▸ **RAW DATA**

········

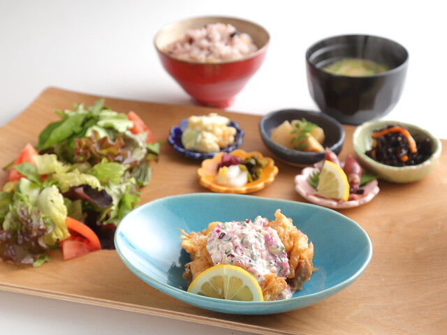 注文したのは、彩り豊かで目にも楽しいランチプレート。一つ一つの料理が丁寧に作られており、まるで「新おばんざい」のよう。品数...
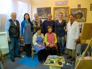 – Sose vágytunk nagy dolgokra. Fejlődni önmagunkhoz, nem pedig a nagyokhoz képest szeretnénk. Akinek az alkotás öröm, megtalál bennünket. Mi bárkit szívesen látunk. Nézzen csak körül: Juliska néni varrónő volt régebben, János, ott a sarokba szorítva, már közelebb állt a festékes holmikhoz, mint a többiek, mert az ő szakmája szobafestő-mázoló, hiszen rájött, hogy mások nagyszobájának falára mégsem illik csendéleteket festeni, így hát nálunk kötött ki. Anita újoncnak számít, néhány hónapja talált ránk. Ő például fogtechnikus, de Niki fodrászként végzett, most virágkötőnek tanul. Vagy itt van a 68 évesen is nagyon aktív Viczay Lajos bácsink, aki életműdíjas fotográfus, de egy ideje a festészet is foglalkoztatja – regéli Sáfrán Ferenc.
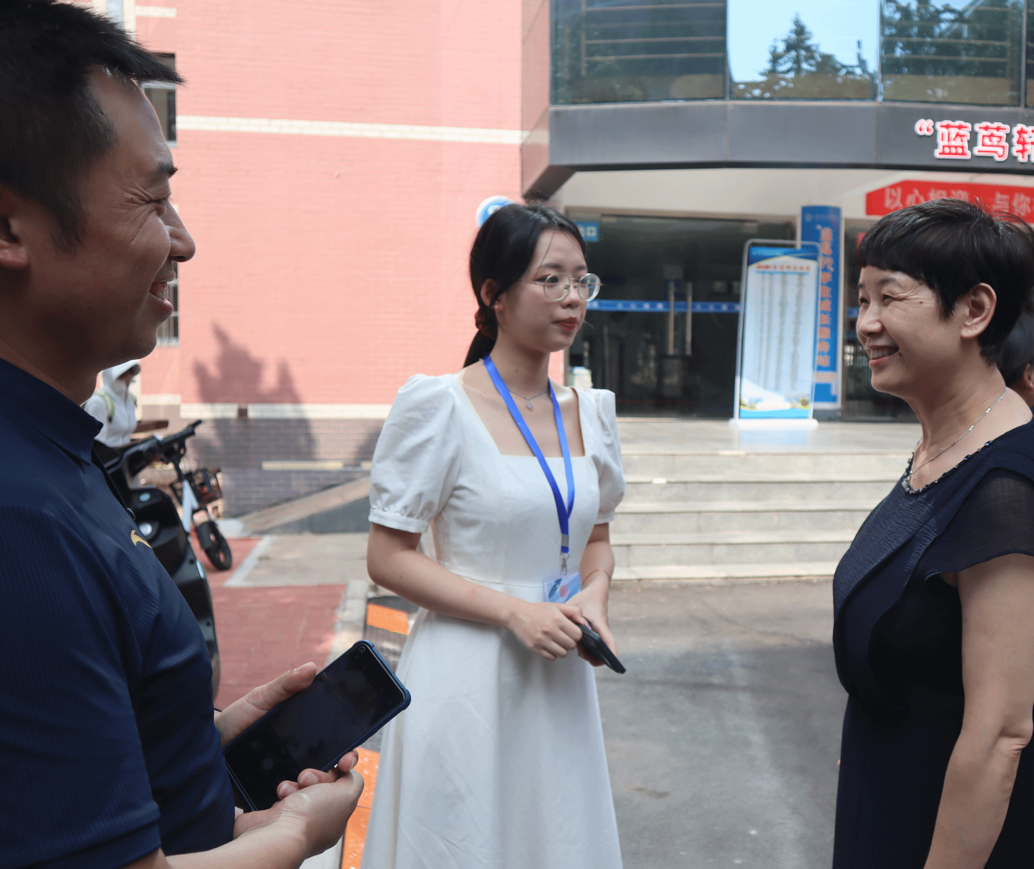学院党委书记滕胜娟、院长吴金红、党委副书记耿迪一行早早来到了迎新现场,询问新生报到情况,慰问现场志愿者,与报到新生展开亲切交流。
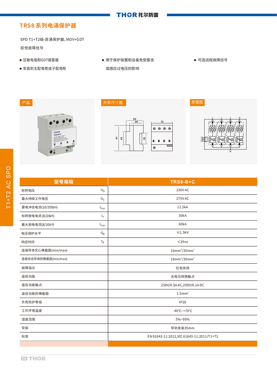 TRS8系列電涌保護(hù)器(以下簡稱SPD)適用于交流50/60Hz,額定電壓至380V的IT、TT、TN-C、 TN-S、TN-C-S,等供電系統(tǒng),對間接雷電和直接雷電影響或其他瞬時(shí)過電壓的電涌進(jìn)行保護(hù)。

········

▸ **TASK GOAL**
Quote exactly the lines from the line that contains "regéli Sáfrán Ferenc." through the last line of the listing, please, leaving out all pictures.

▸ **RESPONSE**
 – Sose vágytunk nagy dolgokra. Fejlődni önmagunkhoz, nem pedig a nagyokhoz képest szeretnénk. Akinek az alkotás öröm, megtalál bennünket. Mi bárkit szívesen látunk. Nézzen csak körül: Juliska néni varrónő volt régebben, János, ott a sarokba szorítva, már közelebb állt a festékes holmikhoz, mint a többiek, mert az ő szakmája szobafestő-mázoló, hiszen rájött, hogy mások nagyszobájának falára mégsem illik csendéleteket festeni, így hát nálunk kötött ki. Anita újoncnak számít, néhány hónapja talált ránk. Ő például fogtechnikus, de Niki fodrászként végzett, most virágkötőnek tanul. Vagy itt van a 68 évesen is nagyon aktív Viczay Lajos bácsink, aki életműdíjas fotográfus, de egy ideje a festészet is foglalkoztatja – regéli Sáfrán Ferenc.
学院党委书记滕胜娟、院长吴金红、党委副书记耿迪一行早早来到了迎新现场,询问新生报到情况,慰问现场志愿者,与报到新生展开亲切交流。
 TRS8系列電涌保護(hù)器(以下簡稱SPD)適用于交流50/60Hz,額定電壓至380V的IT、TT、TN-C、 TN-S、TN-C-S,等供電系統(tǒng),對間接雷電和直接雷電影響或其他瞬時(shí)過電壓的電涌進(jìn)行保護(hù)。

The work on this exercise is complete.